- **EXERCISE MATERIALS**

● ● ● ● ● ● ●

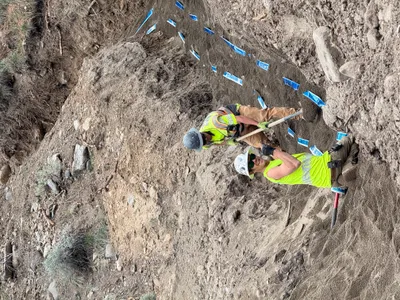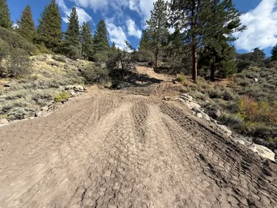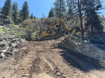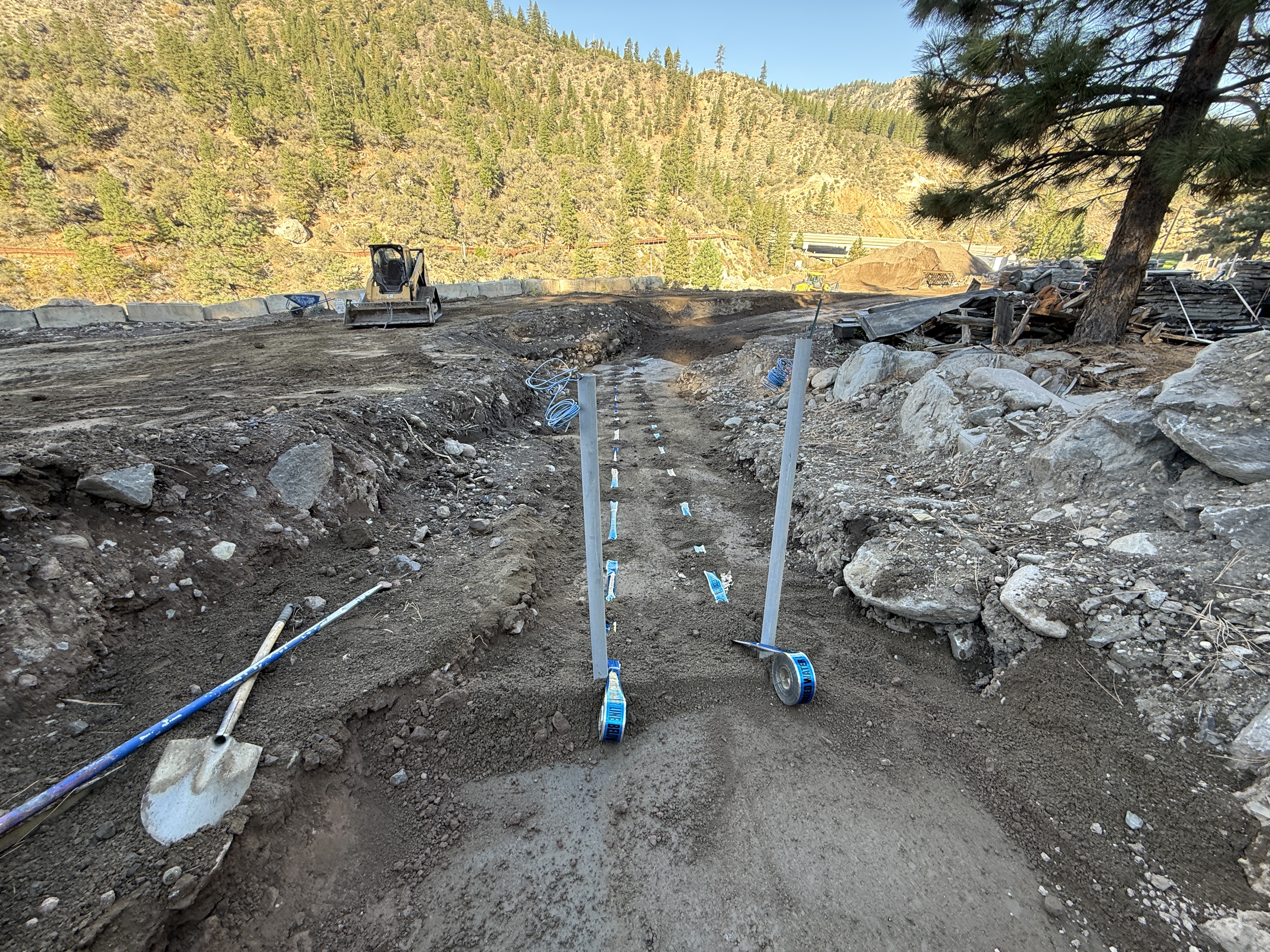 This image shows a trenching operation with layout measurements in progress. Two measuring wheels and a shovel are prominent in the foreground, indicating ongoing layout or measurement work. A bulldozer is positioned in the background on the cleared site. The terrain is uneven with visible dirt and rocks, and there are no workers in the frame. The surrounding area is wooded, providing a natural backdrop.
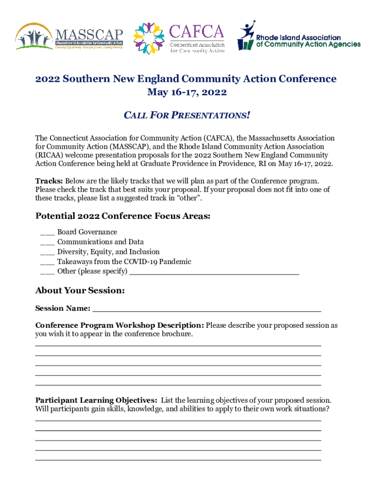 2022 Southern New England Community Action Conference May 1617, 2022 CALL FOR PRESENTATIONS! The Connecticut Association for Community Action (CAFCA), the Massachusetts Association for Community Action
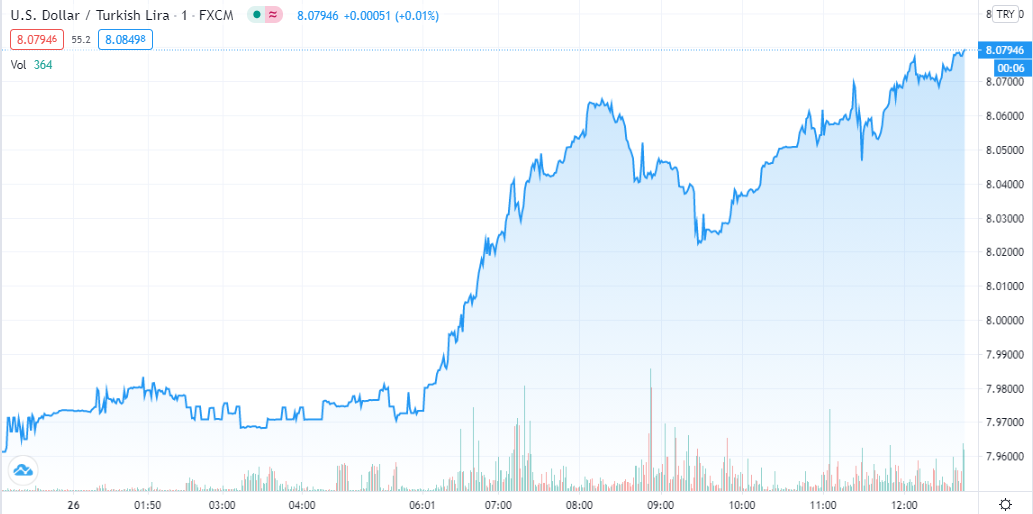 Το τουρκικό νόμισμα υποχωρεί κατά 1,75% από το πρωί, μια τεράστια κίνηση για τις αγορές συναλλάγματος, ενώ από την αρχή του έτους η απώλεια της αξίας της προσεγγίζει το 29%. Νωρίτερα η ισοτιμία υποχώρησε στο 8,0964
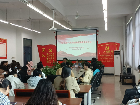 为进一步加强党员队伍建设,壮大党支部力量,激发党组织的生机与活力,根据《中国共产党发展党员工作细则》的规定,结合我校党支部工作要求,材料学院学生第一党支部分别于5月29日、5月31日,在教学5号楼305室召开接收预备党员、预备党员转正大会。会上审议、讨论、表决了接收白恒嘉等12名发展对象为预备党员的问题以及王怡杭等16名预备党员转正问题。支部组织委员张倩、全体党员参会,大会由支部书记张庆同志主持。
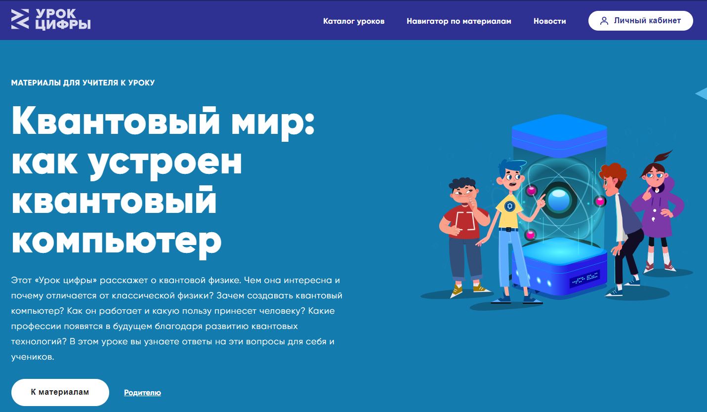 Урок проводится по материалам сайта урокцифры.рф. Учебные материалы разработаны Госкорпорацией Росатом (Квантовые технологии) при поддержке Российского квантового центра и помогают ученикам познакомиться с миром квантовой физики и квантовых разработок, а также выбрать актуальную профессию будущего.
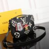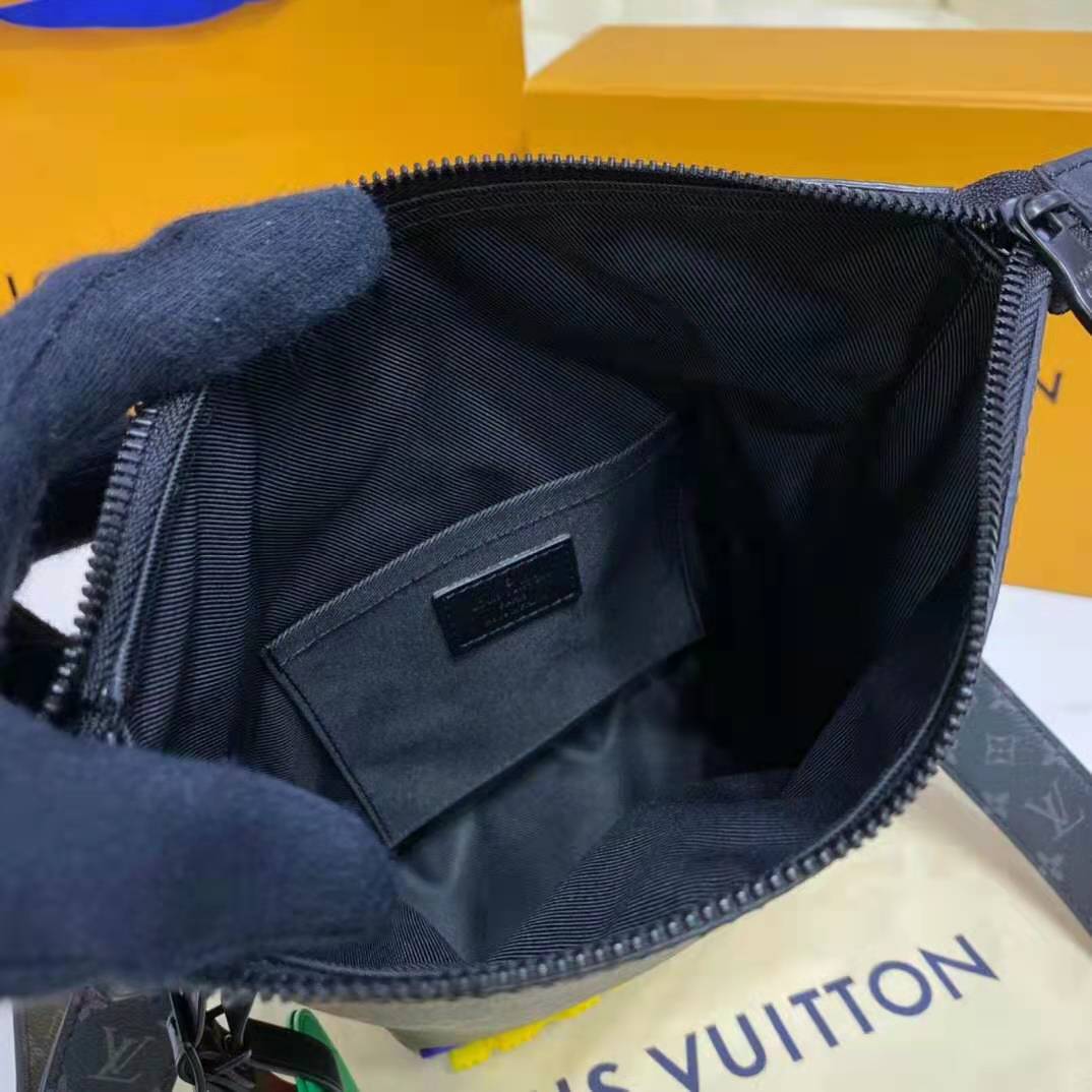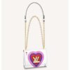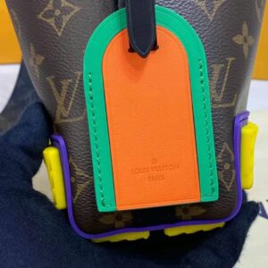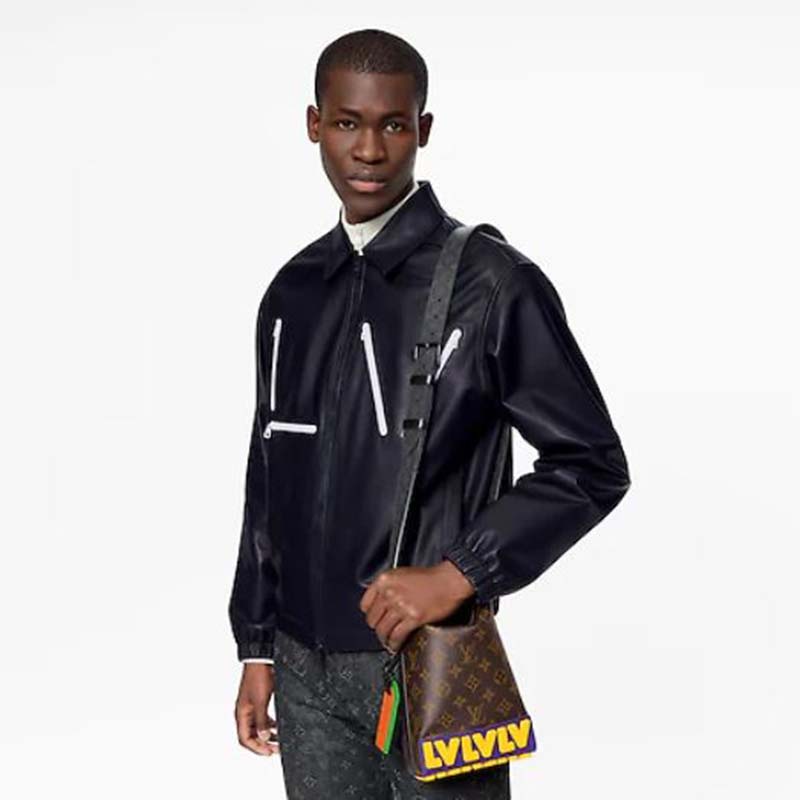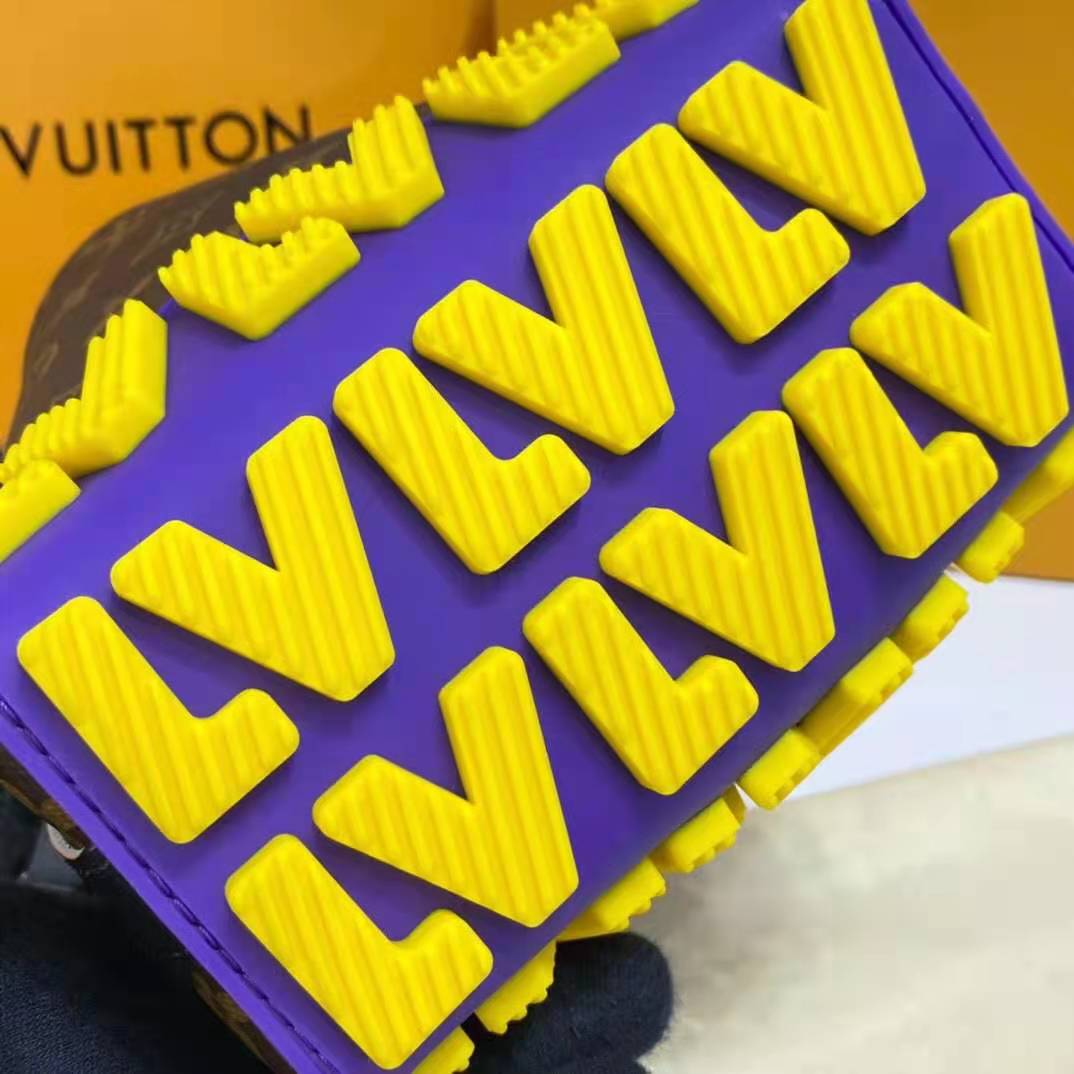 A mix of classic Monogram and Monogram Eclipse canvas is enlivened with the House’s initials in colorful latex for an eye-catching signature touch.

● ● ● ● ● ● ●

- **EXERCISE AIM**
Each line, from the beginning of the listing to the line bearing "2022 Southern New" inclusive, should be copied exactly; the pictures stay out.

- **TASK SOLUTION**
 This image shows a trenching operation with layout measurements in progress. Two measuring wheels and a shovel are prominent in the foreground, indicating ongoing layout or measurement work. A bulldozer is positioned in the background on the cleared site. The terrain is uneven with visible dirt and rocks, and there are no workers in the frame. The surrounding area is wooded, providing a natural backdrop.
 2022 Southern New England Community Action Conference May 1617, 2022 CALL FOR PRESENTATIONS! The Connecticut Association for Community Action (CAFCA), the Massachusetts Association for Community Action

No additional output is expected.